Изменить стиль страницы

— Кто же это будет? — язвительно спросила Ольга.

— Я гулять хочу, — сказала Варга, глядя прямо на Даню. — Идемте на Елагин.

2

— Значит, вам тоже все это не нравится? — спросила она.

— Не знаю. Так сказать легче всего. Мне не нравится по частям, а в целом нравится. Мне даже думается, что для чего-то такого я и родился.

— А я нет, — сказала она. — Я родилась, чтобы я лежала на диване и иногда танцевала, когда захочу, а меня чтобы перьями обмахивали. Это называется чудо в перьях.

Даня расхохотался.

— Это вам не здесь надо было, — сказал он.

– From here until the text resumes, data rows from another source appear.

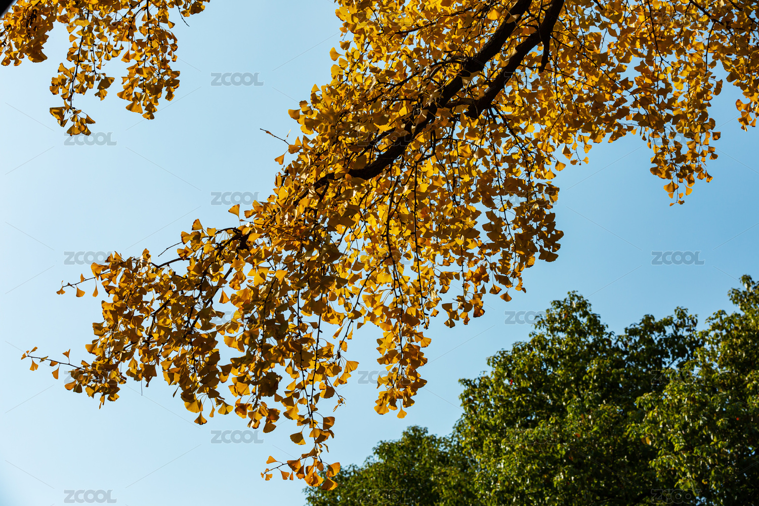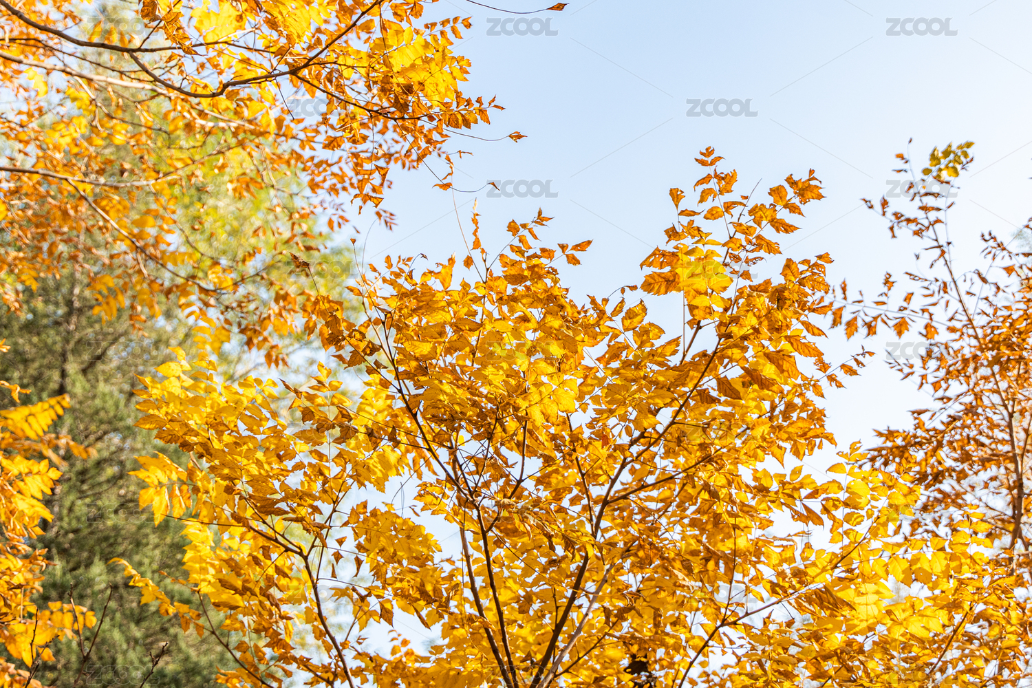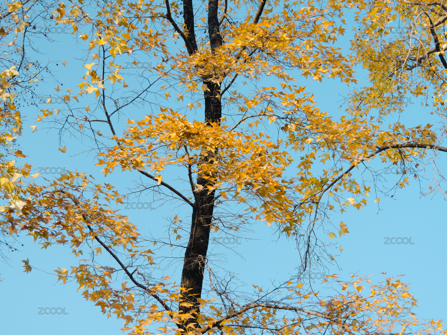 冬天里晴天的枫叶与黄色叶子秋意浓浓
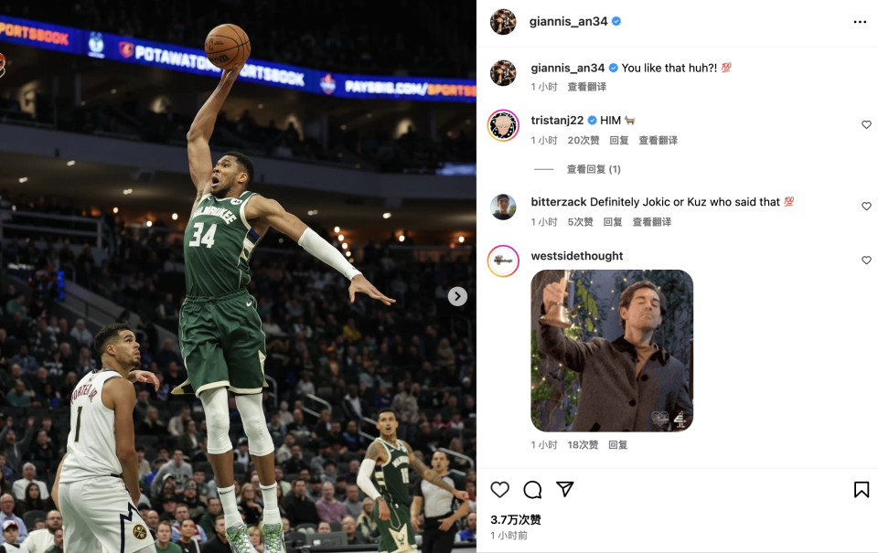 字母哥爆砍28分19篮板,率领球队击败强敌。在与约基奇的MVP榜单前三对话中,他笑到最后,让对手的三双化为乌有。
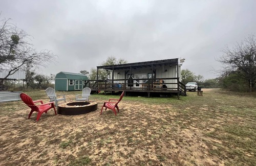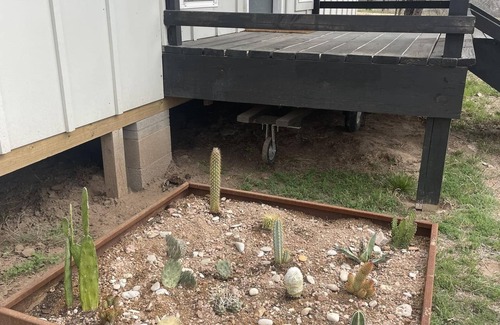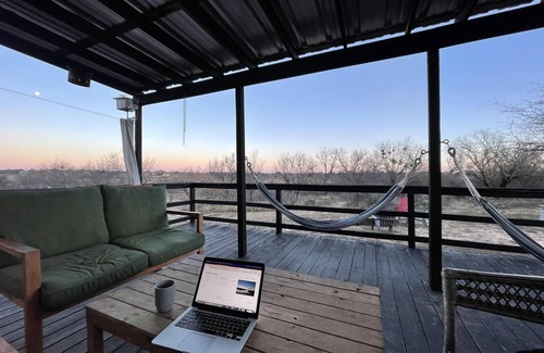 A cactus garden will greet you with a well lit front porch. Each bedroom has its very own bathroom. One bedroom features a super comfy king size bed with a bunk bed while the other has a queen size bed that's just as comfy. In the hallway, you'll find a washer and dryer with laundry soap. The kitchen comes equipped with a standard ground coffee maker, small microwave, oven and toaster along with plenty of plates, cups and mugs for a nice dinner at the table. In the living area, there is a nice leather couch and cute little chairs, but we expect you will spend most of your time on the spacious porch with two hammocks along with outdoor sitting. Enjoy the fire pit at night while staring in awe at the phenomenal stars. Don't forget firewood! The river is just a 300 ft walk downhill on a cleared trail behind the home. Scott's crossing is just a short walk out the front door and for deeper waters, you can drive up one crossing to Scheider's slab where locals enjoy a cool dip in the river. We have 3 kayaks & a kayak tote for your use.
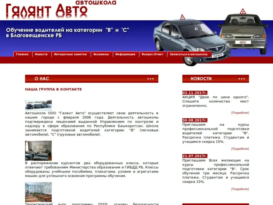 Автошкола ООО "Галант Авто" осуществляет свою деятельность в нашем городе с февраля 2006 года. Деятельность автошколы подтверждена лицензией выданной Управлением по контролю и надзору в сфере образования по Республике Башкоротсан. Школа занимается подготовкой водителей категории: "В" (легковые автомобили), "С" (грузовые автомобили).
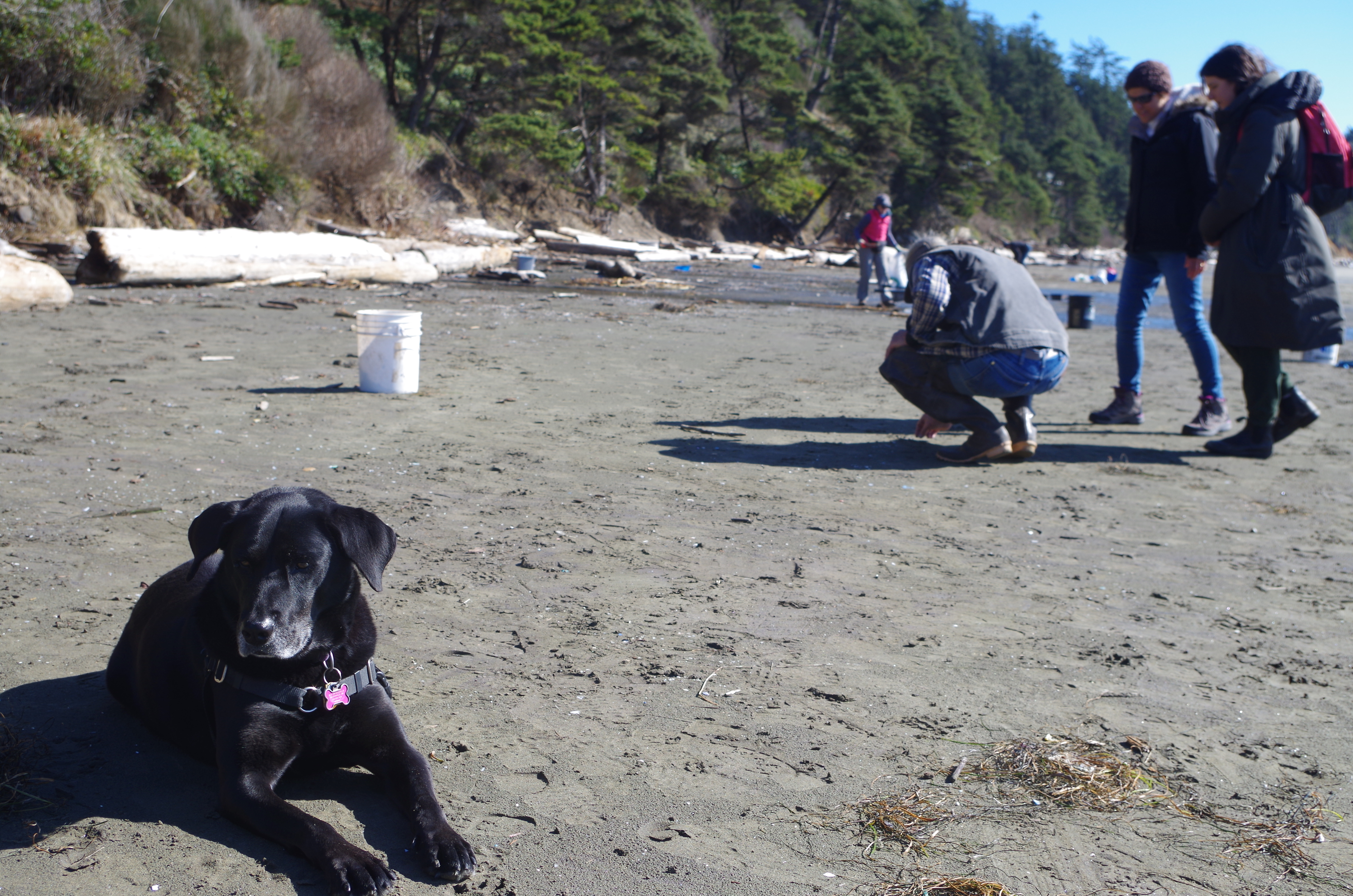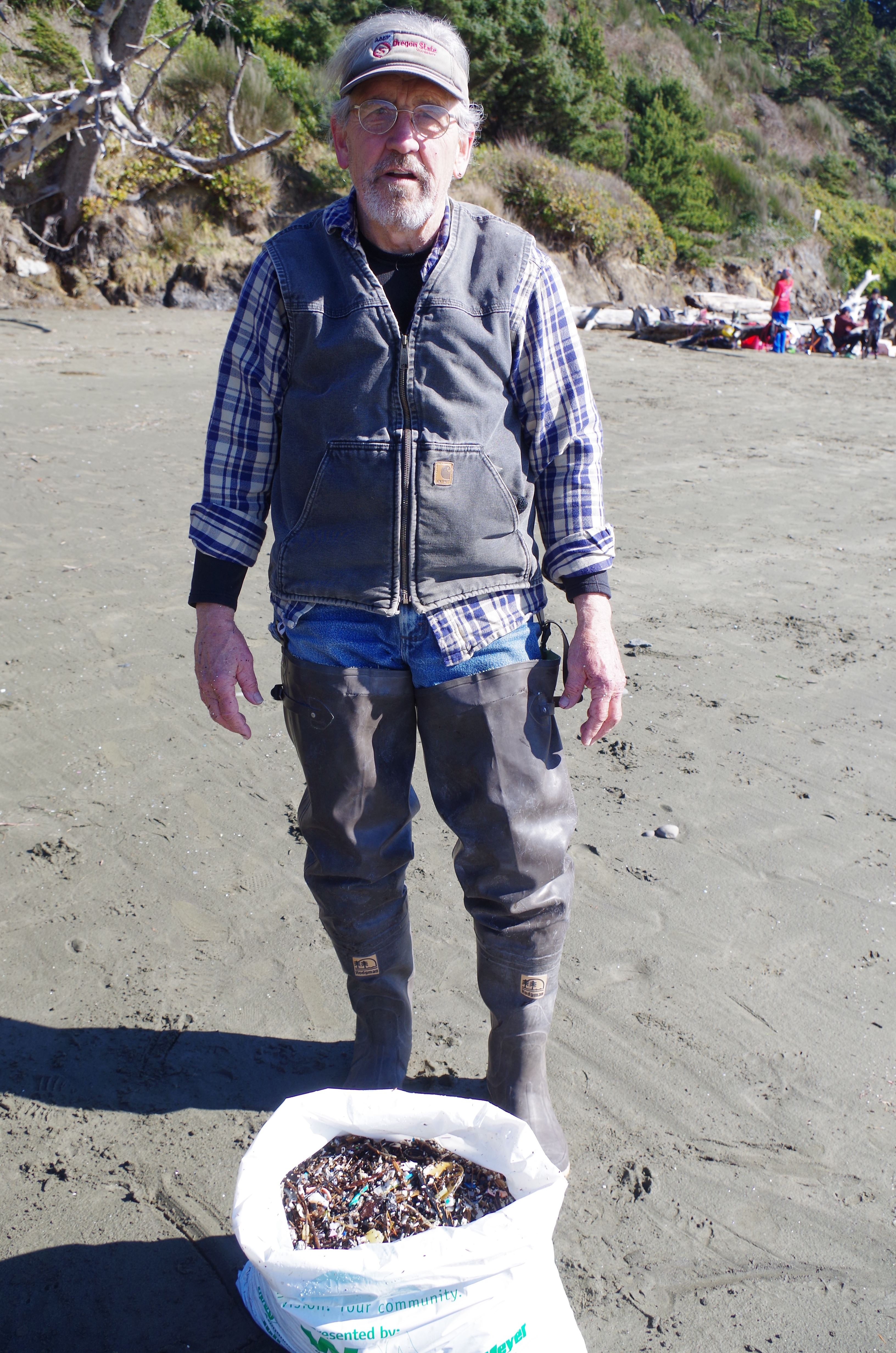 Helping hands included a few women, Mike Harrington, a 72-year-old member of the Siuslaw Chapter of Surfrider, and a black lab whose owner was down on her knees pulling out plastics of every color and shape.
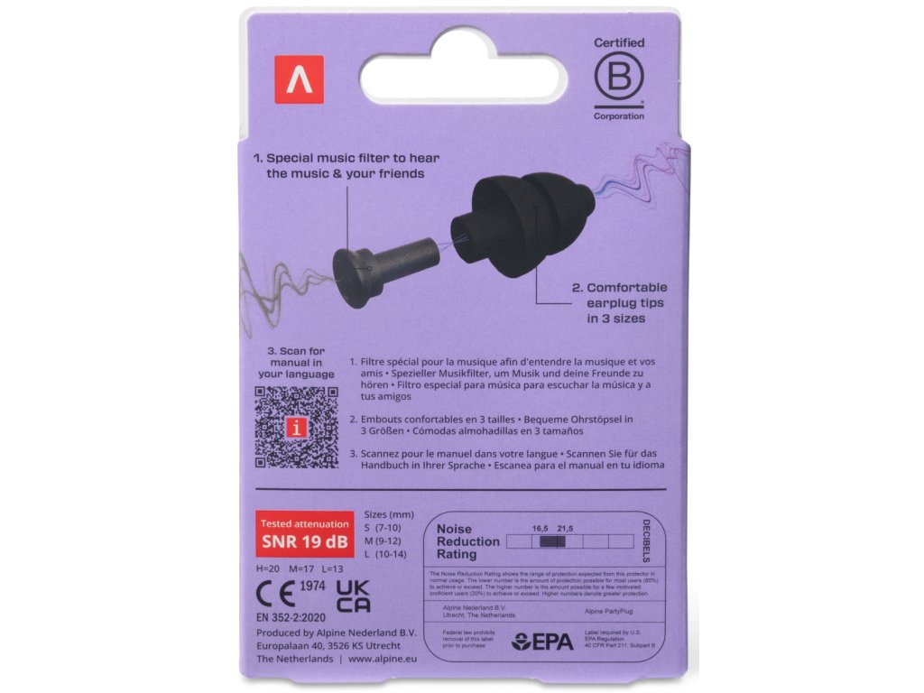 Alpine PartyPlug black jsou moderní špunty do uší navržené pro milovníky hudby, kteří si chtějí užít hlasité zážitky bez rizika poškození sluchu. Díky speciálnímu hudebnímu filtru účinně snižují nebezpečné hladiny hluku až o 19 dB. Klíčové je, že při tlumení hluku nedochází k zkreslení kvality hudby a vy stále bez problému uslyšíte hudbu a budete moci komunikovat s přáteli.
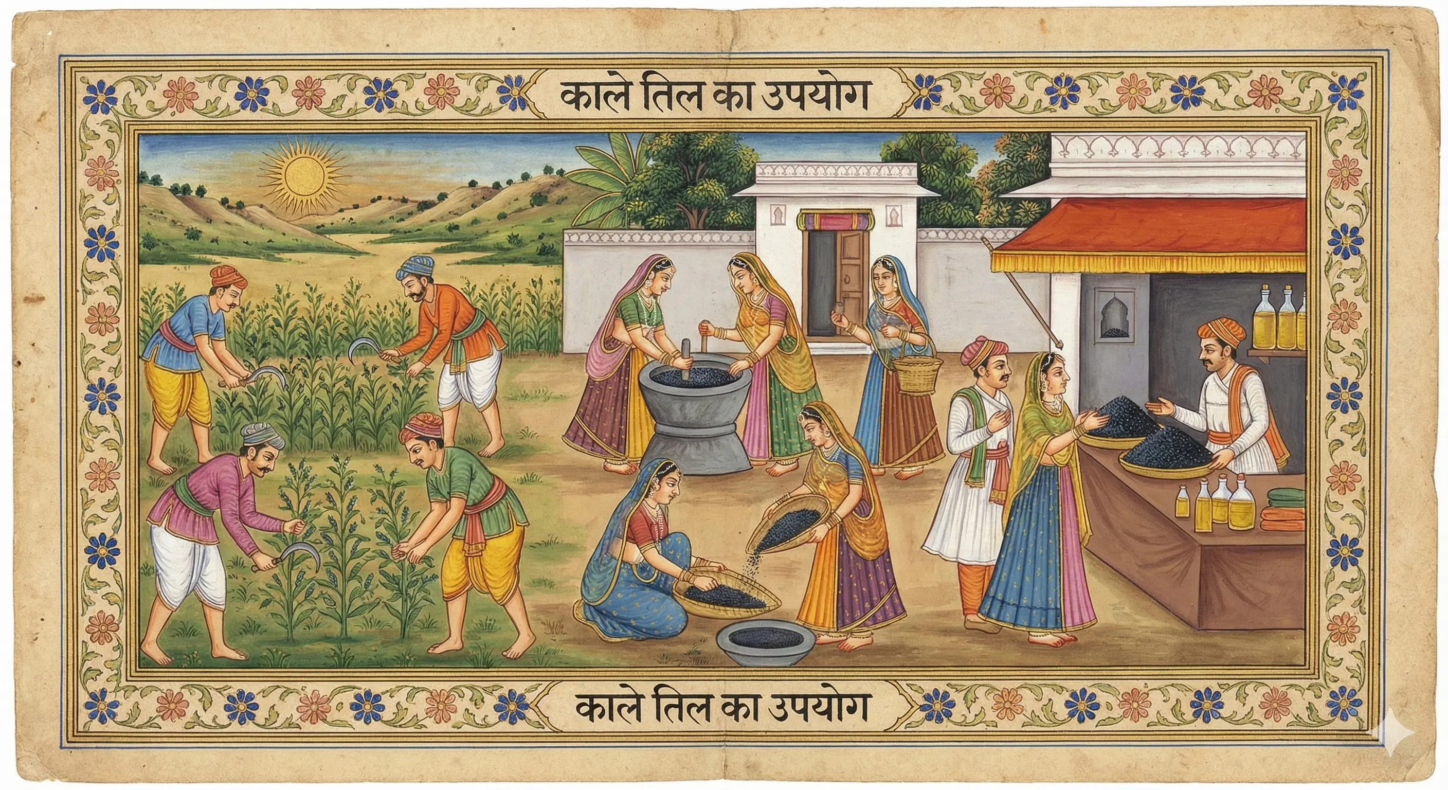 ในศาสตร์อายุรเวทของอินเดีย: งาดำและน้ำมันงาเป็นส่วนประกอบสำคัญในการทำยาและการบำบัดหลายแขนง ถูกใช้เพื่อเสริมสร้างความแข็งแรง, เพิ่มพลังงาน, และรักษาความสมดุลของธาตุในร่างกาย
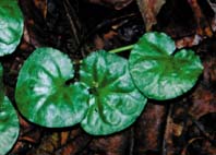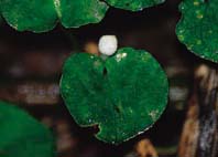 D. Don)。多為闊心臟形或圓形的葉子,呈墨綠色(圖2),一般長度較寬度為小,約2.0~2.6公分長,2.7~3.3公分寬,摸起來是紙質且上表面光滑無毛,葉背面則被有稀疏的毛茸;被茸毛的葉柄長短變化很大,從1.2公分到11.0公分都有,而托葉則呈全緣的廣三角形。單朵白色的花多數是由匍匐枝條頂端長出;而花苞非常的小,其裂片呈瓣狀排列(圖3)。被茸毛的花梗約有1.2~
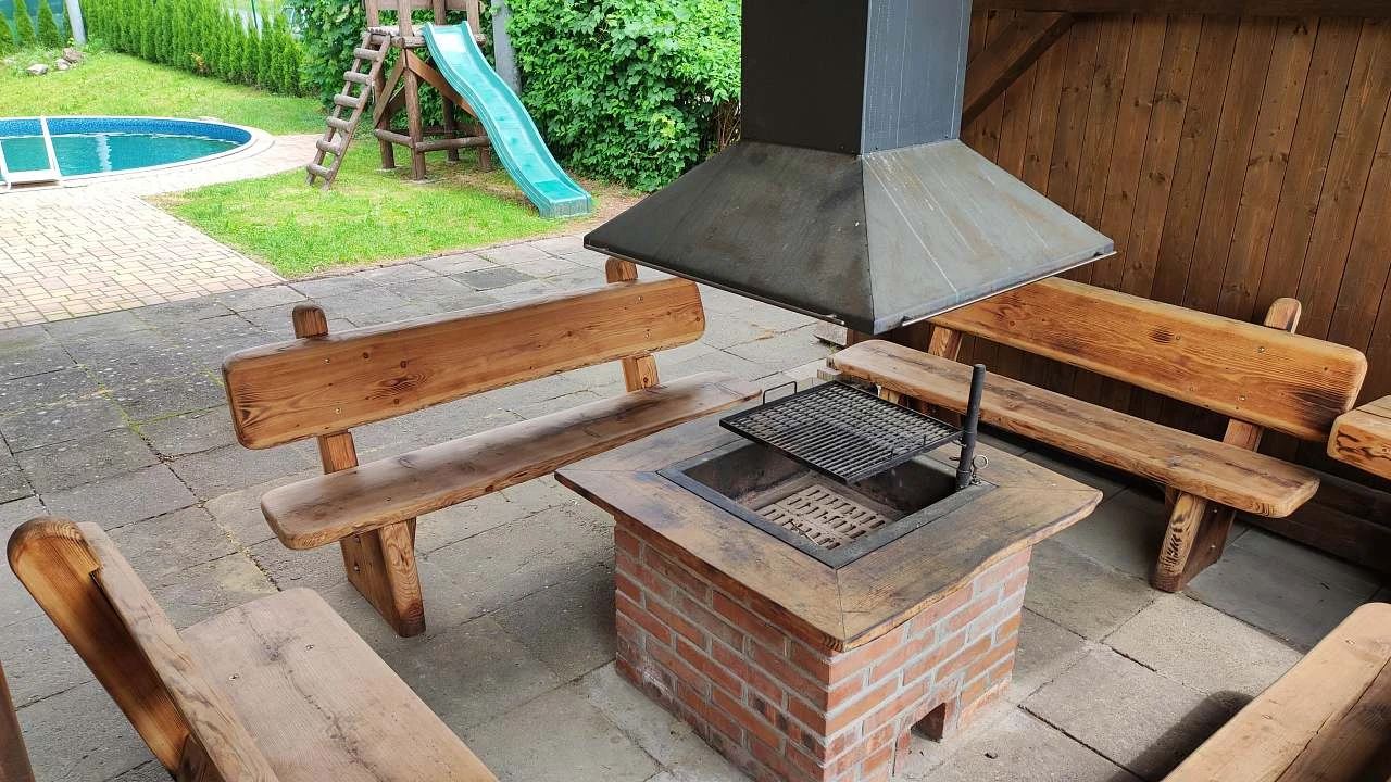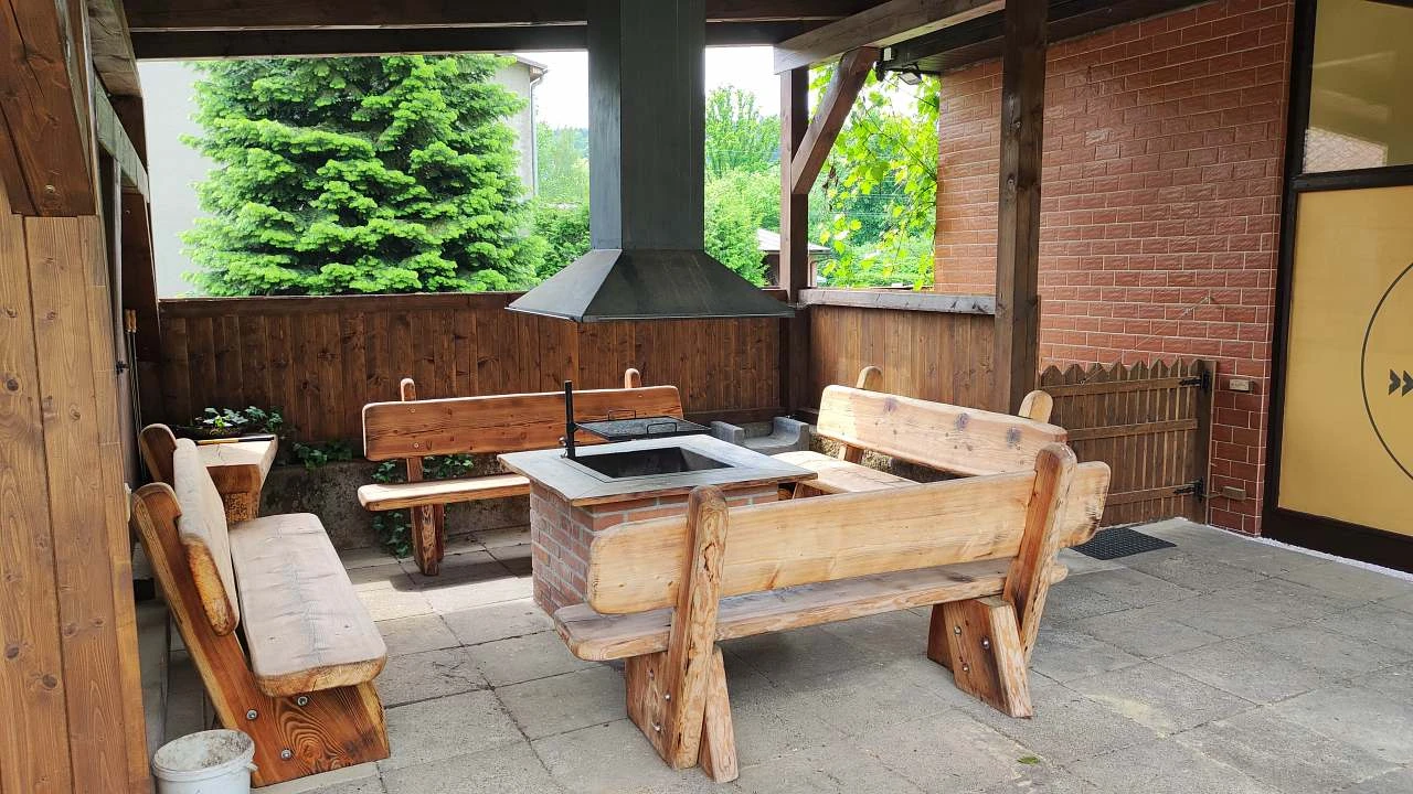 Před objektem se nachází zastřešená terasa s grilem. Venkovní areál dále zahrnuje:

— Говори мне «ты». Да, не здесь. У вас здесь холодно и все дураки.

— У кого — у нас?

— Это я вам говорю вы, — сказала она, и Даня опять засмеялся. С ней было прекрасно.

— И чтобы я лежала, — повторила она, — и на животе у меня был шоколад. Я бы брала и ела, потом бы вставала и он падал, и никто не кидался бы поднимать. Как по-вашему, что будет дальше?

— Дальше? — задумался Даня. — Дальше, наверное, ты танцуешь, вся в шоколаде…

— Дурак. Я спрашиваю не про это, а про здесь.

Они шли вдоль пахучей, бурой майской воды с зелеными точками в глубине. От земли шел легкий, вечерний, свежий холод. Над Невкой низко висел красный, отчетливо приплюснутый солнечный шар. Другой шар, сплющенный с боков, болтался над маленькой девочкой впереди.

— Это опять трудно определить, — сказал Даня медленно. — Я чувствую, но не могу рассказать.

— Сейчас я возьму тебя за руку, и ты сможешь, — сказала Варга. Он чуть не сошел с ума от прикосновения тонких холодных пальцев, точно костяных: в них была теперь драконья сила.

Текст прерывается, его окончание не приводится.